I want to Import an XLSX-File with Help of Apache-POI (XSSF and SAX Event API).
Because Excel stores numbers as floating-point numbers it is necessary in java to format them back to the way they originally look in Excel. This is possible by reading the cell-format:
String cellStyle = sheetReader.getAttributeValue(null, "s");
if (cellStyle != null) {
// save the format of the cell for later use.
int styleIndex = Integer.parseInt(cellStyle);
XSSFCellStyle style = stylesTable.getStyleAt(styleIndex);
formatIndex = style.getDataFormat();
formatString = style.getDataFormatString();
if (formatString == null) {
// formatString could not be found, so it must be a builtin format.

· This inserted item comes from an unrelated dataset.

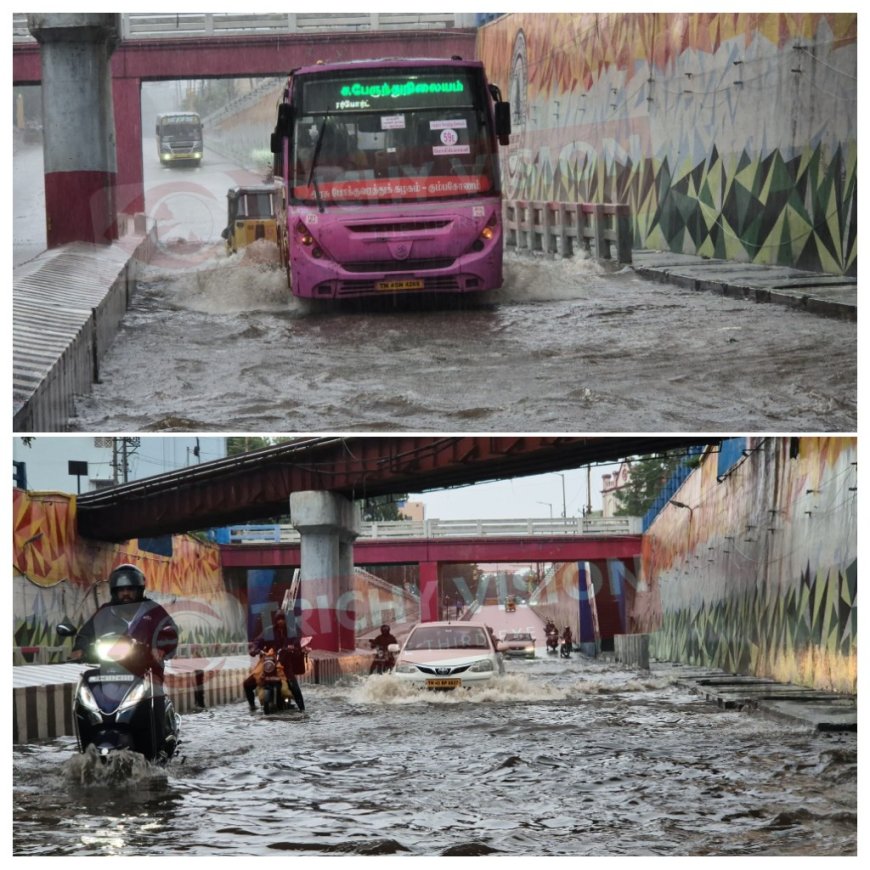 இதனால் மேலப்புதூர் சுரங்கப்பாதையில் 2 அடி உயரத்திற்கு மழை நீர் தேங்கி உள்ளது. பேருந்து மற்றும் நான்கு சக்கர வாகனங்கள் சுரங்கப்பாதை வழியாக செல்ல முடியாமல் சிரமப்பட்டன. ஒரு சில வாகனங்கள் மழைநீரில் தத்தளித்து கடந்து வந்தன. மாநகராட்சி ஊழியர்கள் மோட்டாரை வைத்து மழை நீரை வெளியேற்றும் பணியில் ஈடுபட்டு வருகின்றனர்.

formatString = BuiltinFormats.getBuiltinFormat(formatIndex);
}
}
...
// format the floating-point value
String xlsxValue = formatter.formatRawCellContents(
Double.parseDouble(value),
formatIndex,
formatString);
The above code does work well for me... but it gives me the numbers like they are originally formatted in Excel while running Excel in Germany Locale. Example for such numbers:
10,30
100.00.00,43
Now how can i reformat those numbers so that they can be fed to Java Double and Java BigDecimal?
Apache-POI seemingly does not provide Utility-Classes for this case, but how can the numbers be processed in java then?
I have hacked my way into poi to make this happen like this, but is there no other way?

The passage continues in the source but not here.